Key Responsibilities
Robotics Data Pipeline Development
- Design and implement end-to-end data pipelines for robotics systems, including humanoid platforms
- Manage ingestion, synchronization, and storage of multimodal sensor data:
- RGB / Depth cameras
- LiDAR / Radar
- IMU + joint encoders
- Force/torque sensors
- Telemetry + control logs
- Ensure reliable dataset generation from real-world robot deployments and simulation environments
Humanoid Robotics Data Systems (Preferred Focus)
- Support data workflows for humanoid robot perception and manipulation tasks such as:
- Whole-body motion tracking
- Object grasping and dexterous manipulation
- Human-robot interaction data
- Locomotion and balance datasets
- Build infrastructure to capture and curate datasets for embodied AI and foundation robotics models
Data Quality, Annotation & Labeling
- Develop scalable workflows for robotics dataset labeling, including:
- 2D/3D bounding boxes
- Semantic + instance segmentation
- Keypoint tracking (human pose / robot joints)

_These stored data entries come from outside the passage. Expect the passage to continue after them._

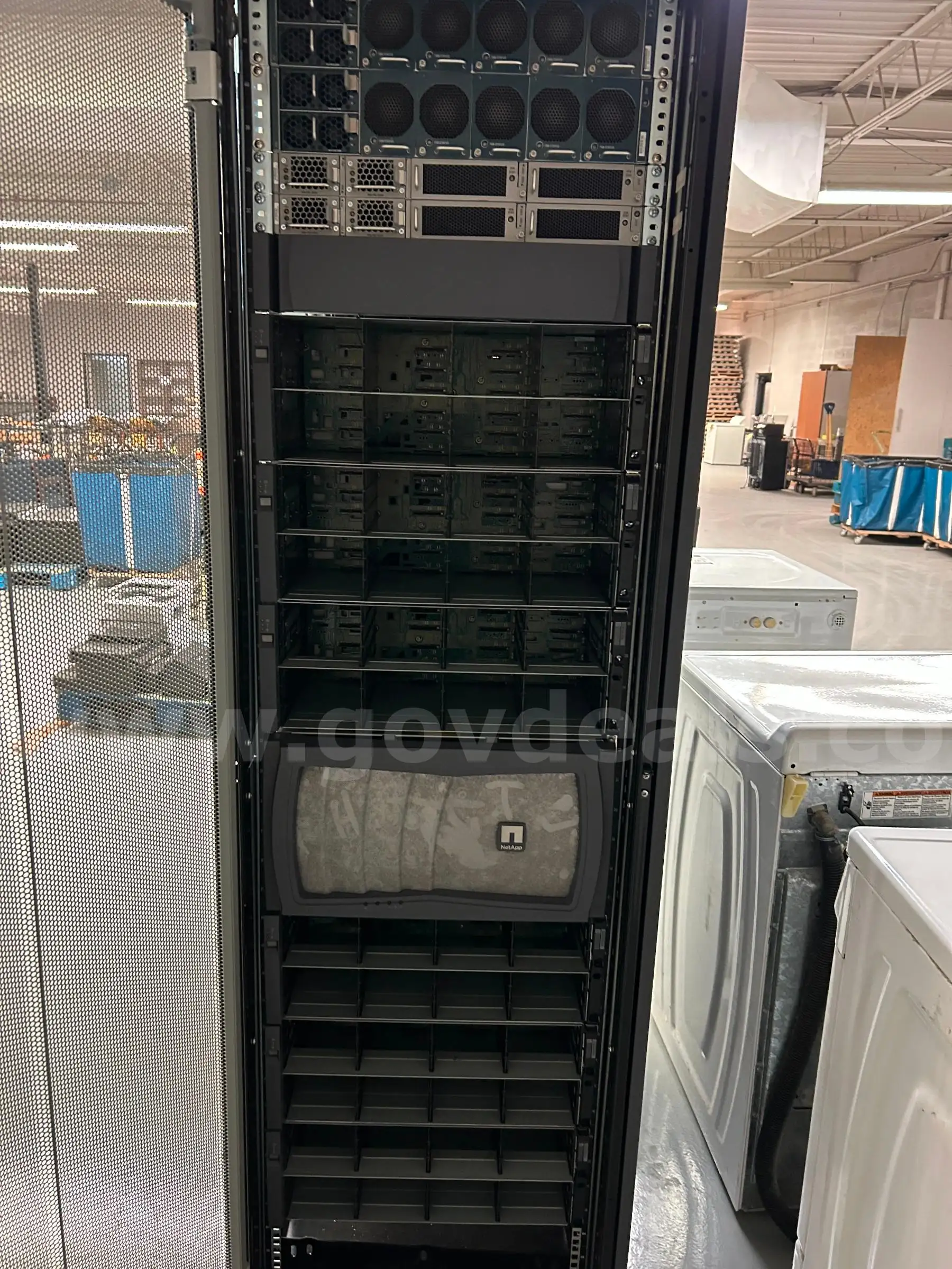 Item:server rack and asstd rails. NO HDDS. CART NOT INCLUDED
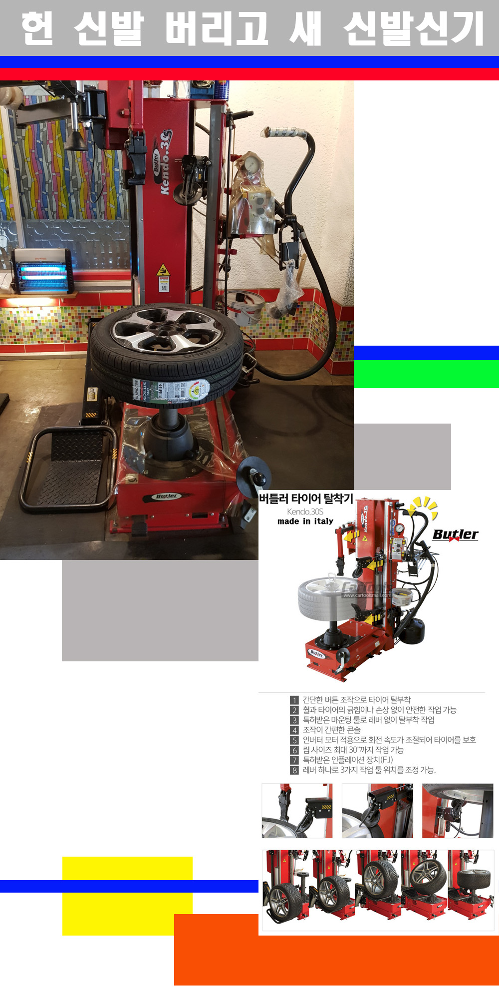 이태리 버틀러사의 켄도3.0S는 휠과 타이어와 조립과 분리시 전혀 제품에 손상을 주지않는 탈착기로 특히 센터락방식(중앙에서 휠를 고정하는 방식)이여서 휠의 중앙부위 잡아서 타이어를 탈부착하고 이후 상하롤러로 타이어를 탈부착합니다 특히 유니포미티작업(휠의 가장가벼운부분과 타이어의 가장 무거운부분을 매칭시키는 작업)시 작업자가 타이어를 정확한 지점에 휠과 매칭시킬수 있는 장점도 있습니다 유니포미티작업 불량시 과도한 진동값으로 핸들링불안 승차감저하 과도한 노면의 충격흡수를 가져와 주행감성을 해치는 첫번째 이유입니다 하지만 이런 작업을 무시하고 그냥 정적인 휠발란스작업만 하는것이 현실입니다 보통 타이어가격만 생각하시고 장착을 하시는데 꼭 이런 부분까지 챙길수 있는 샵을 권장합니다
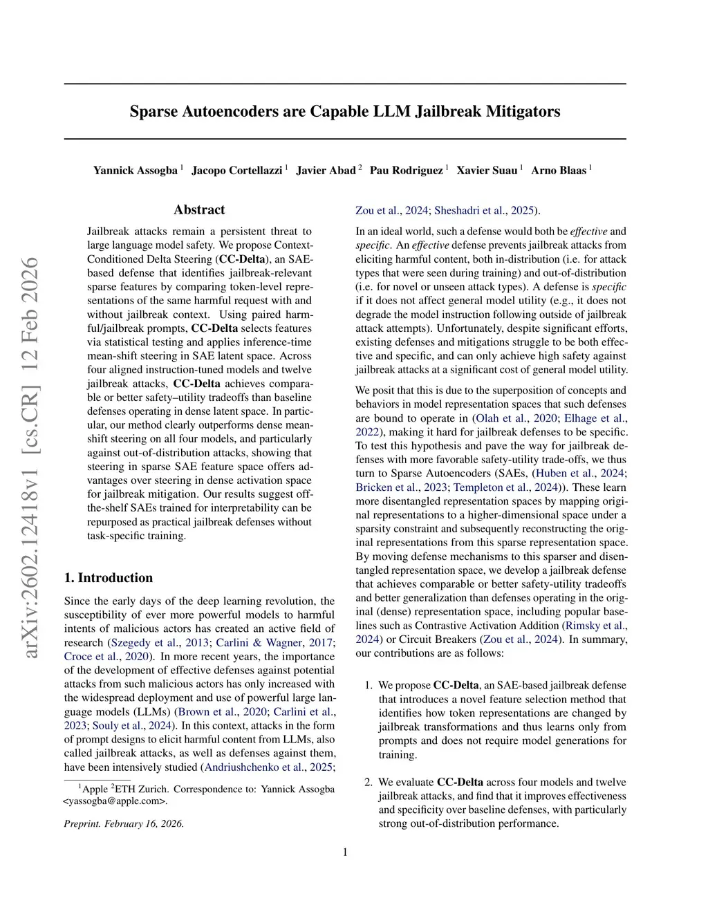 Jailbreak attacks remain a persistent threat to large language model safety. We propose Context-Conditioned Delta Steering (CC-Delta), an SAE-based defense that identifies jailbreak-relevant sparse features by comparing token-level representations of the same harmful request with and without jailbreak context. Using paired harmful/jailbreak prompts, CC-Delta selects features via statistical testing and applies inference-time mean-shift steering in SAE latent space. Across four aligned instruction-tuned models and twelve jailbreak attacks, CC-Delta achieves comparable or better safety-utility tradeoffs than baseline defenses operating in dense latent space. In particular, our method clearly outperforms dense mean-shift steering on all four models, and particularly against out-of-distribution attacks, showing that steering in sparse SAE feature space offers advantages over steering in dense activation space for jailbreak mitigation. Our results suggest off-the-shelf SAEs trained for interpretability can be repurposed as practical jailbreak defenses without task-specific training.
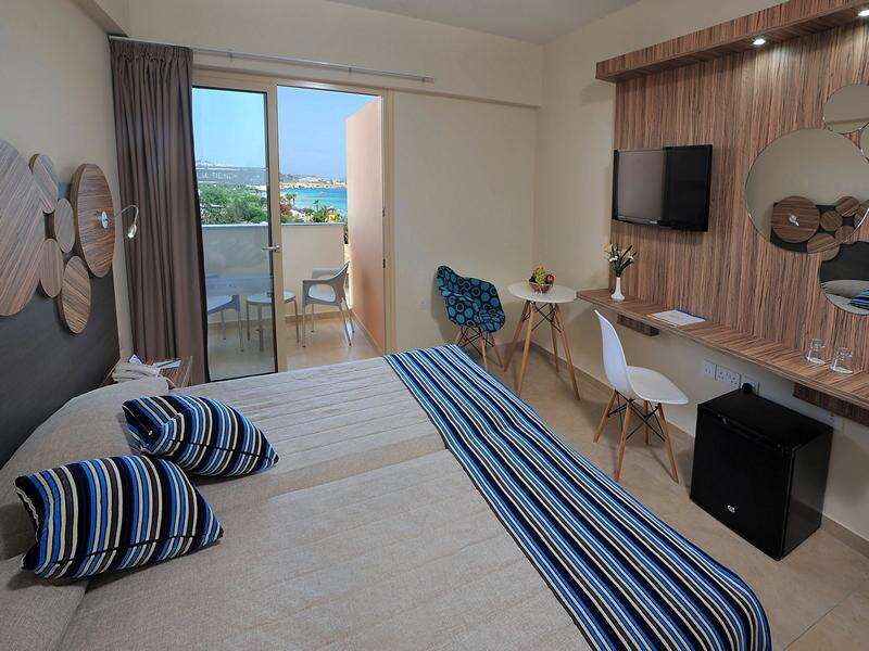 Szobák: minden standard és szuperior szoba praktikusan és kényelmesen berendezett, egy hálószobás (~18 m2), légkondicionált, fürdőszobás, hajszárítóval, síkképernyős tv-vel, vízforralóval (kávé és teafőzési lehetőség) és telefonnal felszerelt. A családi szoba (~25 m2), hasonlóan felszerelt, tágasabb lakóteret kínál több személy kényelmesen elhelyezéséhez. A szuperior családi szoba kifejezetten családok számára kialakítva, még tágasabb elrendezésűek (~30 m2), két külön hálószobával, melyet tolóajtó választ el egymástól. Minden szobához erkély tartozik utcai, medencére vagy tengerre néző kilátással. Széf és minihűtő térítés ellenében a helyszínen bérelhető.
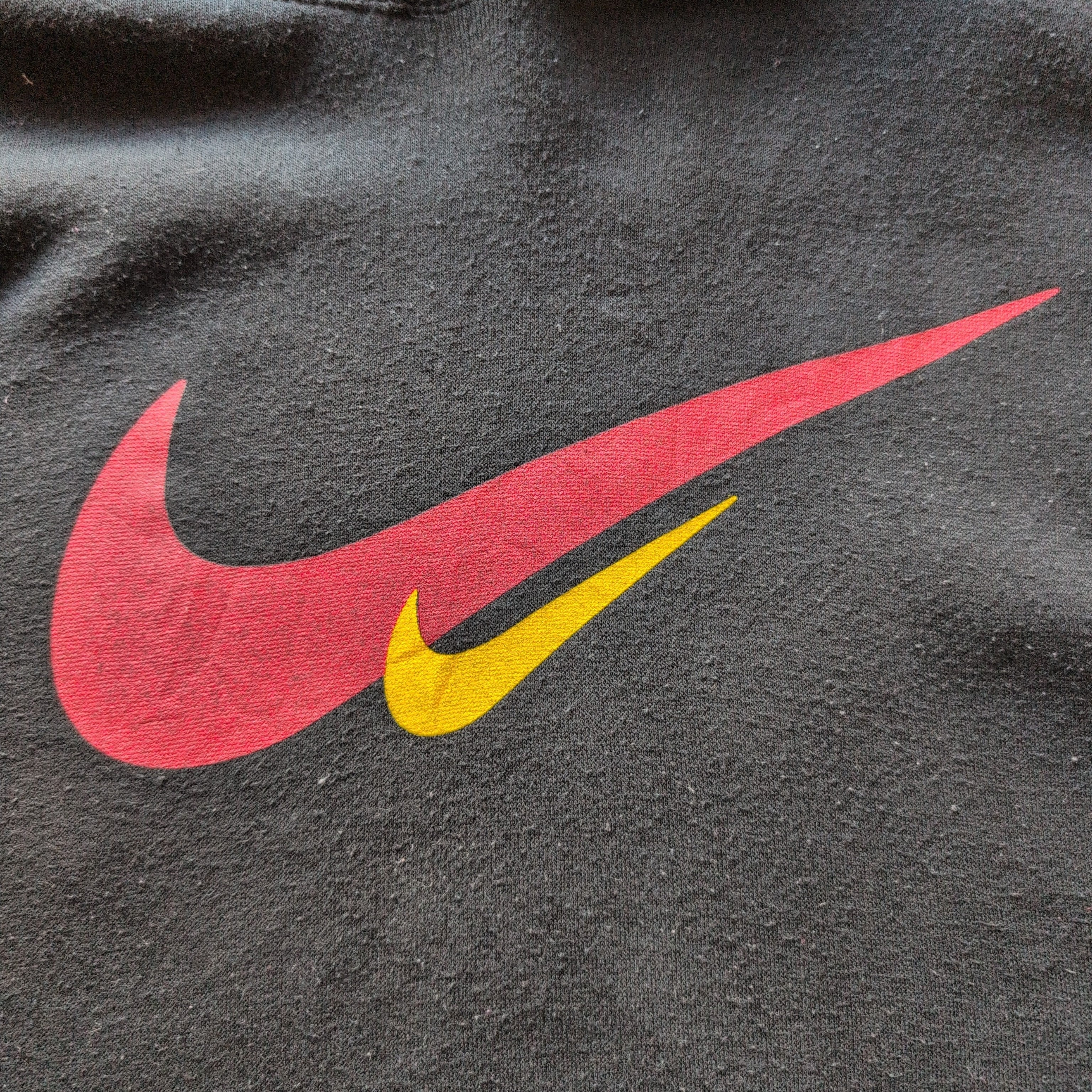 フロントに大きさの異なるナイキのロゴが赤と黄色で描かれていてシンプルながらもどこか遊び心のある1枚です
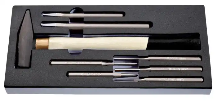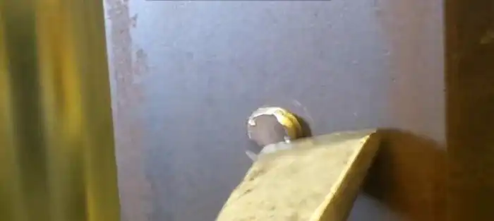 Керн позволит выкрутить болт, если он сломался ниже головки или у самой резьбы. Упираем инструмент в месте облома болта и начинаем оказывать на него воздействие молотком. После нескольких ударов должна появиться неровность, за которую впоследствии можно будет ухватиться клещами или плоскогубцами.

- Scene graph and task annotations
- Partner with annotation teams to enforce quality standards and feedback loops
Sensor Fusion & Dataset Alignment
- Implement robust sensor calibration, timestamp alignment, and data synchronization pipelines
- Support downstream ML workflows in:
- SLAM
- Sensor fusion
- Perception stacks
- Autonomous navigation
Collaboration with AI & Robotics Teams
- Work closely with robotics engineers, ML researchers, and autonomy teams to define data requirements
- Enable training-ready datasets for computer vision, reinforcement learning, imitation learning, and robotics foundation models
- Maintain documentation, best practices, and scalable data operations processes
Infrastructure & Tooling
- Build and maintain data infrastructure using modern tools such as:
- ROS / ROS2 bag pipelines
- Python, C++, SQL
- Cloud storage + distributed compute
- Data versioning tools (DVC, LakeFS, etc.)
- MLOps platforms (MLflow, Kubeflow is a plus)
- Optimize robotics dataset performance for training at scale
Qualifications
Required
- 5+ years of experience in robotics data engineering, perception data pipelines, or autonomous systems
- Strong proficiency in Python and experience with robotics software stacks (ROS/ROS2)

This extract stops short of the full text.